Poly is virtually the same as Nida but with a much friendlier sticker price.


----------



## tomahawk (Mar 9, 2012)

E-boat out of Vero Beach sells Nida. http://boatbuildercentral.com/products.php?cat=30

FG Supply Depot in Ft. Pierce carries Plascore which is basically the same stuff. https://fiberglasssupplydepot.com/Plascore-Board-for-Boat-Building.html

There has to be somewhere closer to you that sells it or its equivalent.


----------



## trplsevenz (Oct 29, 2012)

$100 for a sheet of 1/2" nidacore is a total ripoff. You can get 1/2 divinylcell for $15 more.


----------



## mudd_minnow (Oct 13, 2010)

Hey everyone,
Thanks for the input. I found some closed cell foam used in the commercial building products. I called the manufacture (DOW) about the product Styrofoam Cavitymate Insulation. They said it was closed cell foam board used in the boating industry. I believe I have a way to glue the product down and fill the voids between the gaps under the floor . Per the manufacture, The foam board will melt at high temps but, I'll try it out on an extra piece for a test and let you guys about it. I'll send pics soon. 


Buck Wild, 
Where can I get the stuff? 



I might be making a trip to vero beach or Saint Pete Tuesday. 

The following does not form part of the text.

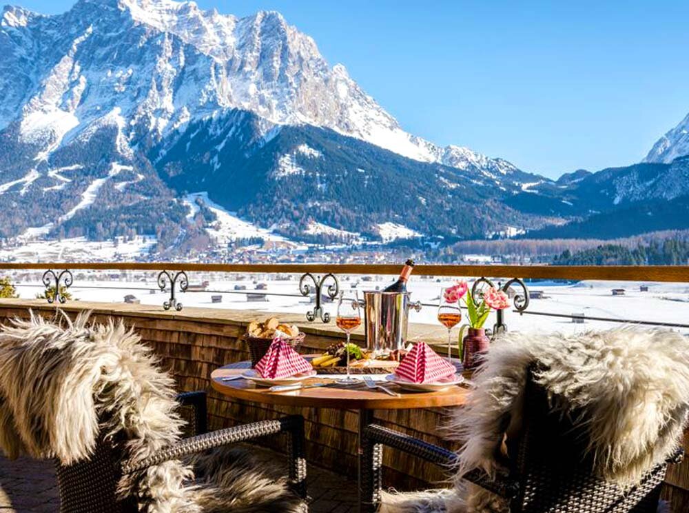 Einmalig ist der Ausblick vom traditionsreichen 4-Sterne-Superior-Hotel Genießerhotel Post Lermoos auf Deutschlands höchsten Gipfel des Wettersteingebirges – die sagenumwobene Zugspitze. In nur 10 Minuten bringt die Tiroler Zugspitzbahn WintersportlerInnen und AbenteurerInnen auf knapp 3.000 Metern. Insgesamt 9 Skigebiete mit über 214 Pistenkilometern bieten in der Tiroler Zugspitz Arena Platz genug für zahlreiche Skischwünge. Mit Funparks, Highspeed-Pisten und urigen Hütten kommt auch die Pisten- Gaudi nicht zu kurz. Dank der idealen Lage im Genießerhotel Post Lermoos befinden sich die Pisten in unmittelbarer Nähe – im Postschlössl sogar nur 3 Minuten vom modernen 6er-Hochmoos-Express entfernt. Ob Winterwanderung, Langlaufen, Rodeln oder Skifahren, die Post ist optimales Luxus-Basecamp für Schneefans.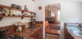 The separate guest house has a private terrace with beautiful views of the property's garden, a spacious bedroom, a fully equipped kitchen and a bathroom.

Thanks again for all the input


----------



## NoeSmyrnaBch (Aug 19, 2013)

Ordered mine for $70/sheet at Higgs in Holly Hill (just north of Daytona). They get it from St. Pete (probably FGCI). I got 1/2" and 1/4" for my build. Keep in mind its 4x7, not 4x8 (at least what I bought was)


----------



## trplsevenz (Oct 29, 2012)

I get my stuff from advanced plastics. Not sure if they are in your area, but there should be another supplier that isnt boning you for 100$ a sheet for 1/2 honeycomb


----------